The problem with applying this ruling to the subject of the child of an illegal alien is that Wong Kim Ark's parents were not illegal. At the time of his birth in 1873, the first of the Exclusion Laws had not been passed (the Page Laws, 1875). As such, his parents were LEGAL when he was born. Therefore, it would seem to me that the 14th amendment would only apply to the children of LEGAL immigrants, not ILLEGAL immigrants.

More like this:


nan shartel Aug. 18, 2010 @ 4:16 a.m.

it's an almighty can of worms isn't it

my HB's first son was born in Japan when he was a corpsman there during Viet Nam...he was not given automatic citizenship in Japan

can u tell us how other countries handle these situations??


Evelyn Aug. 18, 2010 @ 8:52 a.m.

Except, children born to immigrants, documented or not, aren't given automatic citizenship to the parents' country of origin. And so, the child is a citizen of no country, a man without a land.


thestoryteller Aug. 18, 2010 @ 12:25 p.m.

In answer to crystalcove, you missed a part of the story. Prior to the Supreme Court decision in 1898 it was assummed that a child of a foriegn national was a citizen of the parents country. And that is the law in most countries today.The assumption that any child born in the US is a US citizen is a result of a Supreme Court decision, not the Constitution itself.Congress can pass a law undoing that decision and that law would stand until the Supeme Court ruled against it. We must remember that the courts can not make laws.And any court decision can be overturned by a higher court or a later ruling by the Supreme Court.


David Dodd Aug. 18, 2010 @ 1:27 p.m.

Scotus in this case decided that the definition of illegal does not apply to children born of illegal parents on U.S. soil.

If people want to abolish the 14th amendment, they need to do so through the House & Senate. I agree with Crys.

"Prior to the Supreme Court decision in 1898 it was assummed that a child of a foriegn national was a citizen of the parents country."

If that were true, then why were American Indians considered to be non-citizens?


Also see the Civil Rights Act of 1866:


Founder Aug. 18, 2010 @ 2:38 p.m.

The Supreme Court is now more than ever before ruling (no pun intended) everyday life in the USA... The Office of the President is now just another waypoint on the path of getting any decision appealed.

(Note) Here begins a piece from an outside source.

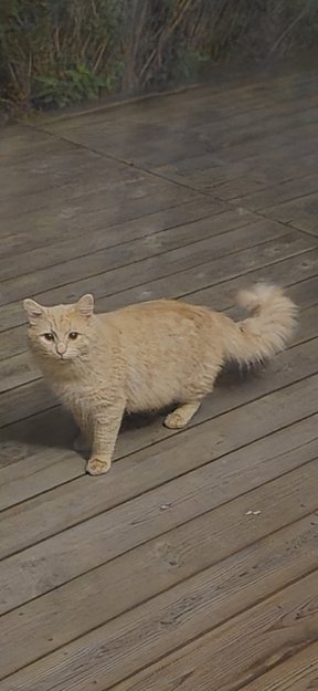 Orange/ Hvit stripete trolig hannkatt. Lang hale med litt bustete langt hår. Ellers trolig ukastrert.
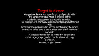 The document discusses identifying a newspaper's target audience. It explains that the target audience can be identified using the "RIVALING" technique, which considers representation, institution, values, audience, language, ideology, narrative, and genre. The document then analyzes each of these factors. It concludes that based on demographics and a goal of reviving print media among youth, the target audience for the author's newspaper will be people aged 18 and older.

That is why GWB's packing of the Court will have a lasting effect, since these Judges serve for as long as they like... I expect to see ever more cases taken to the Supreme Court, for unpopular lower Court rulings to the rich, that can afford to pay for these legal challenges; what have they got to lose, besides their tax deductible dollars?


a2zresource Aug. 18, 2010 @ 3:42 p.m.

One big reason some would want anchor babies not to be legal citizens is that America no longer has the kind of economy that can employ those babies when they grow up. For the same reason, it's kind of hard for me to justify citizenship for American high school drop-outs who can't manage to pick up a good conduct medal and a GED by the time they're 21 or so.

The Obama administration is ALMOST there to stimulate the kind of economic growth to pull us out of this recession that may not be a recession except that nobody is getting hired fast for a long time. The President has already dropped the flag on the biggest "land rush" in American history RE NASA and private launch capacity, and all we keep hearing from Industrial America is "I've gotta keep hoarding my cash!"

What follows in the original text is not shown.